**What the task requires**
Nothing but the lines below from the one with "Ankara Yenimahalle Spor" through the one with "Prisvärd sko från" should be output, each exactly as given, and no pictures.

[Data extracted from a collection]
----------

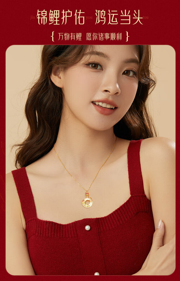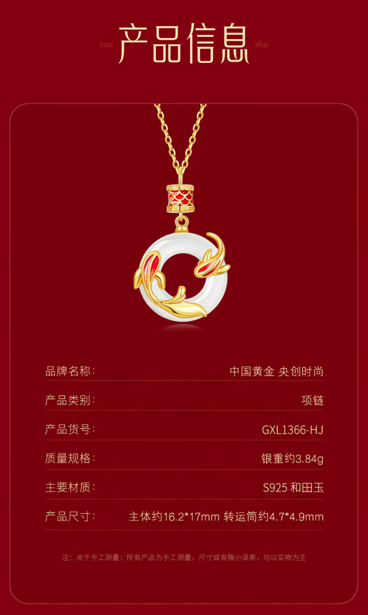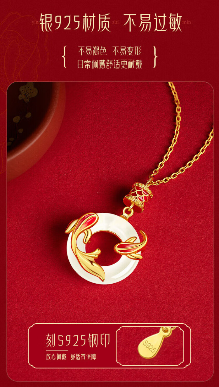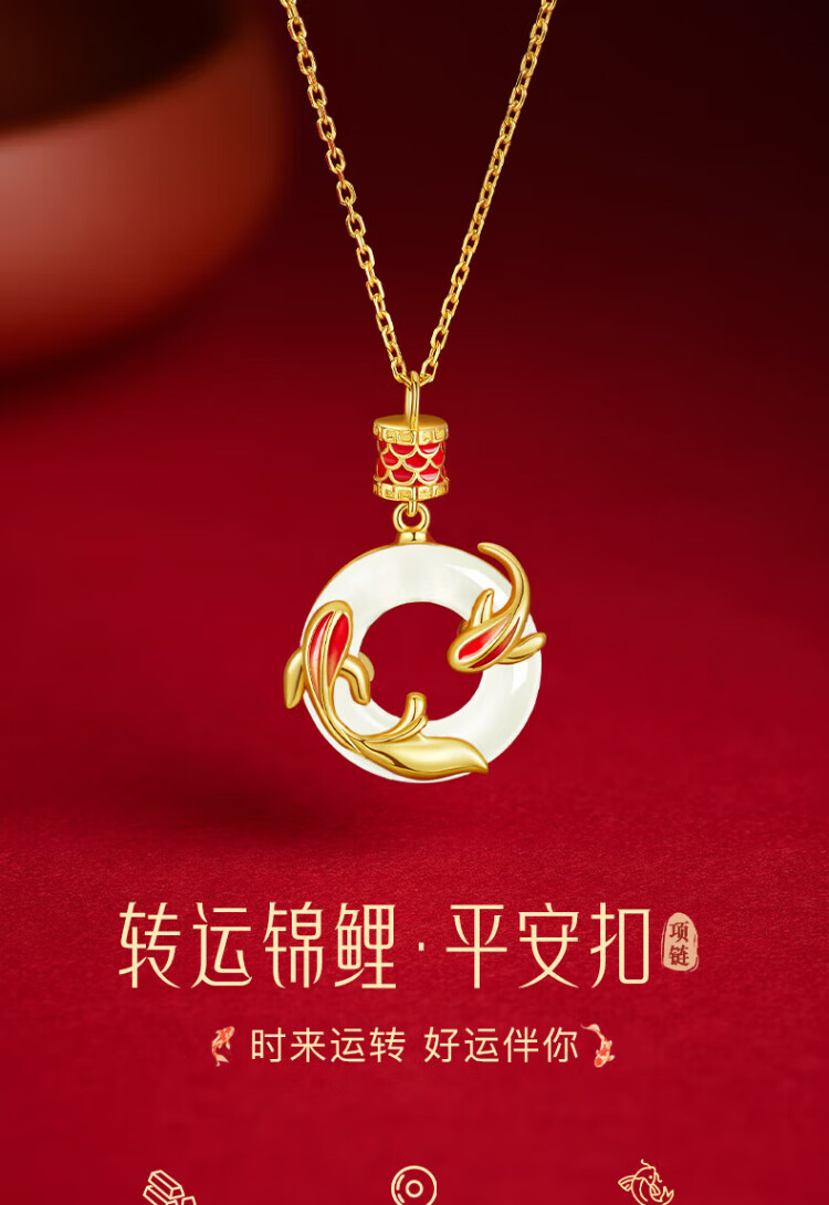Central Chuang Fashion China Gold Authorized Necklace Women's Hetian Jade Safety Buckle Birthday Chinese Valentine's Day Gift Girlfriend S925
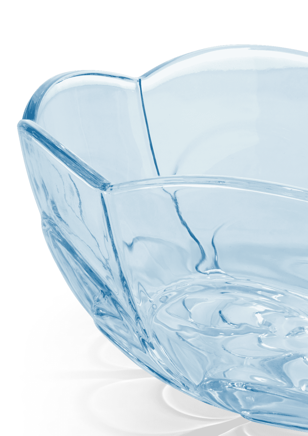 Skålen kan vaskes i oppvaskmaskin, så du kan bruke den daglig uten å bekymre deg for å måtte vaske den opp for hånd. Serien inneholder også en mindre skål, desserttallerken og vannglass - alle i fire forskjellige farger. Alle delene i Lily-serien er laget av farget glass, slik at fargen holder seg vakker over tid.
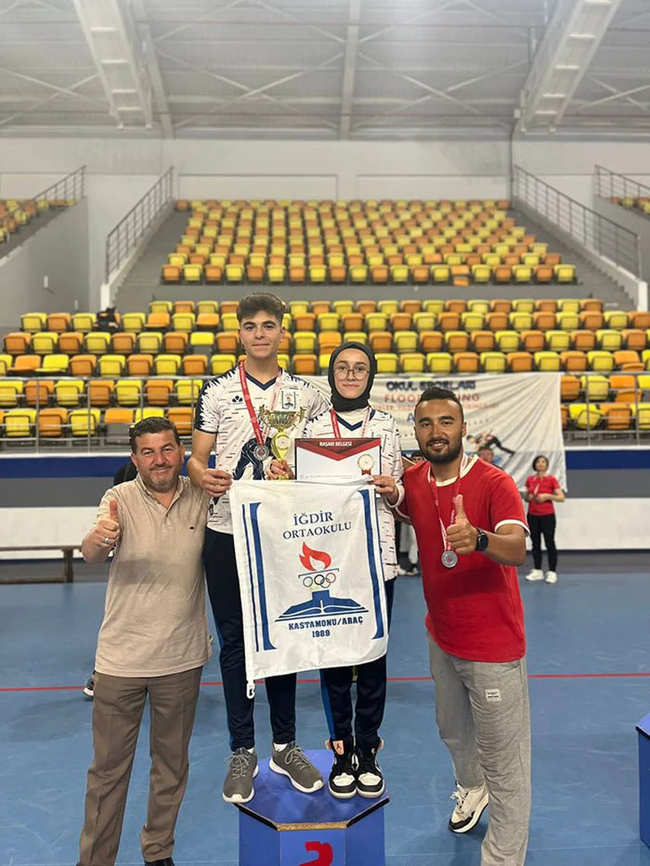 Ankara Yenimahalle Spor Kompleksi'nde 7-10 Haziran'da düzenlenen Floor Curling Türkiye Şampiyonası'nda Kastamonu'yu temsil eden İğdir İmam Hatip Ortaokulu öğrencilerinden Fatma Mece ve Eray Küçükyiğit, yıldız karma kategorisinde Türkiye 2'ncisi oldu.
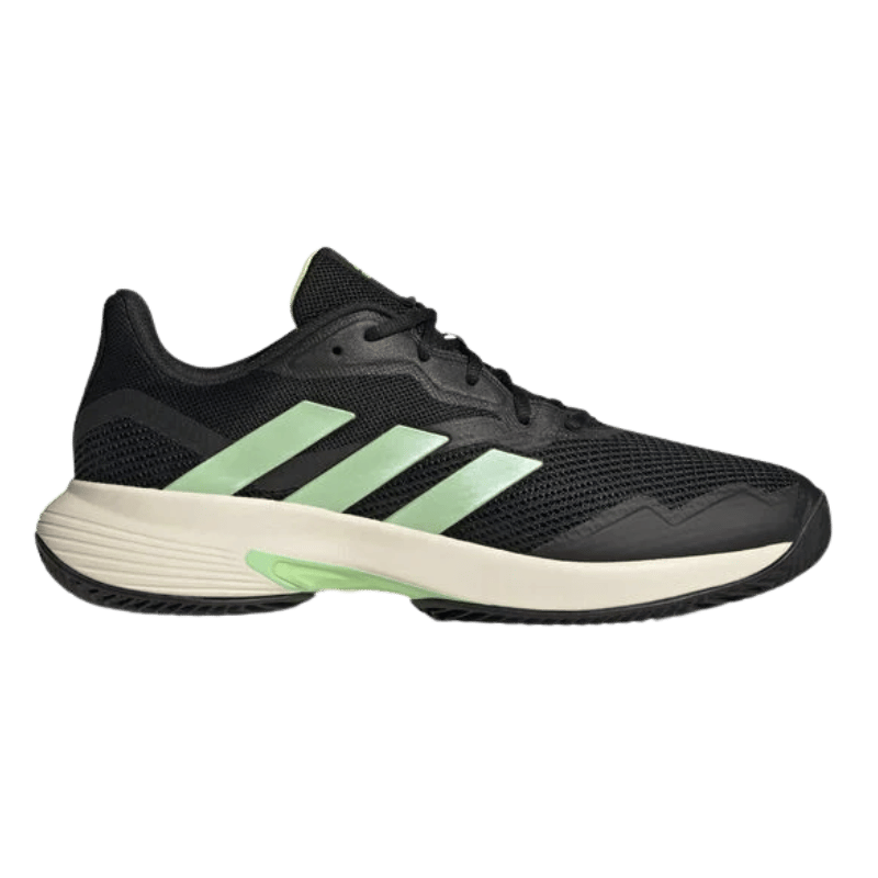 Prisvärd sko från Adidas med en sula anpassad för hala underlag, tack vare den typen av räffling som används på undersidan får du absolut bästa grepp på banor med mer sand. Skön mesh på ovansidan säkerställer komforten medans TPU i mellanfoten ger den stabilitet som krävs på tennisbanan och padelbanan. Skon är mycket lätt och smidig så du får en skön känsla när dus springer på banan. Vidare skall sägas att Adidas har förstärkt skon på mer utsatta ställen där skon ofta lättare slit när man spelar. Klassisk ren design i svart och vitt ger dig den look som krävs på banan. Färg: Svart med gröna detaljer
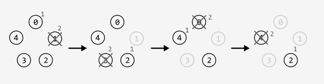 There are n people standing in a circle, numbered from 0 to n - 1. Starting from person 0, count k people clockwise and remove the kth person. After the removal, begin counting again from the next person still in the circle. Repeat this process until only one person remains, and return that person’s position.

----------

**Response to this exercise**
 Ankara Yenimahalle Spor Kompleksi'nde 7-10 Haziran'da düzenlenen Floor Curling Türkiye Şampiyonası'nda Kastamonu'yu temsil eden İğdir İmam Hatip Ortaokulu öğrencilerinden Fatma Mece ve Eray Küçükyiğit, yıldız karma kategorisinde Türkiye 2'ncisi oldu.
 Prisvärd sko från Adidas med en sula anpassad för hala underlag, tack vare den typen av räffling som används på undersidan får du absolut bästa grepp på banor med mer sand. Skön mesh på ovansidan säkerställer komforten medans TPU i mellanfoten ger den stabilitet som krävs på tennisbanan och padelbanan. Skon är mycket lätt och smidig så du får en skön känsla när dus springer på banan. Vidare skall sägas att Adidas har förstärkt skon på mer utsatta ställen där skon ofta lättare slit när man spelar. Klassisk ren design i svart och vitt ger dig den look som krävs på banan. Färg: Svart med gröna detaljer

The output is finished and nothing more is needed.